Job Description
The Astronomer Customer Reliability Engineering (CRE) team is responsible for the success of our customers' usage of our managed Airflow service. The CREs are responsible for operating, monitoring, and maintaining the platform to ensure availability, predictability, and reliable operations. As an infrastructure specialist, you will learn to become an expert on the reliability of Kubernetes and the underlying cloud infrastructure on all 3 public clouds (AWS, Azure, and GCP). Our CRE team ensures production environments are available, predictable, and reliable for our customers. You will create strong relationships with customers and help them achieve their reliability goals.
Responsibilities include learning and building expertise across several software engineering disciplines (Kubernetes, Cloud engineering, Cloud networking), gaining broad exposure to product, engineering, and customer relationship management, and spending time on side-projects that contribute to Astronomer’s overall success, such as contributing to the open-source Airflow repository or developing Astronomer’s internal monitoring and alerting systems built on Airflow.

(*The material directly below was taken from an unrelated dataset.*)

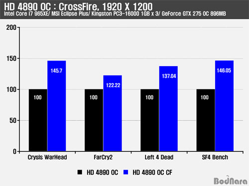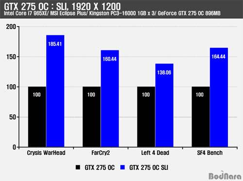 1920 x 1200 ÇØ»óµµ¿¡ 4xAA/ 16xAF Àû¿ë½Ã °á°ú¸¦ º¸¸é Àü¹ÝÀûÀÎ ¼º´É Çâ»ó ºñÀ²Àº GTX 275 OC SLI ±¸¼ºÀÌ HD 4890 OC CF ±¸¼ºÀ» ¾ÕÁö¸£´Â ¸ð½ÀÀ» º¸¿©ÁÖ°í ÀÖÀ¸³ª Left 4 Dead´Â ¿©ÀüÈ÷ HD 4890 OC CF ±¸¼ºÀÌ À¯¸®Çß´Ù. 5°¡Áö °ÔÀÓÀÇ ¸ÖƼ GPU ·»´õ¸µ ±¸¼º½Ã Æò±Õ Çâ»ó ºñÀ²Àº GTX 275 OC SLI°¡ 178.25%, HD 4890 OC CF°¡ 167.19%·Î GTX 275 OC SLI°¡ ¾à 11% °¡·® ´õ ¾Õ¼¹´Ù.

You will be working directly with our customers’ data engineers, system admins, DevOps teams, and management, providing feedback from your experience that can shape the direction of Astronomer’s products, owning the customer experience by working directly with customers to prioritize and solve issues and meet SLAs, participating remotely within a fully distributed team, helping maintain 24x7 coverage, and participating in paid on-call rotation for weekend coverage.
About Astronomer
Astronomer empowers data teams to bring mission-critical software, analytics, and AI to life and is the company behind Astro, the industry-leading unified DataOps platform.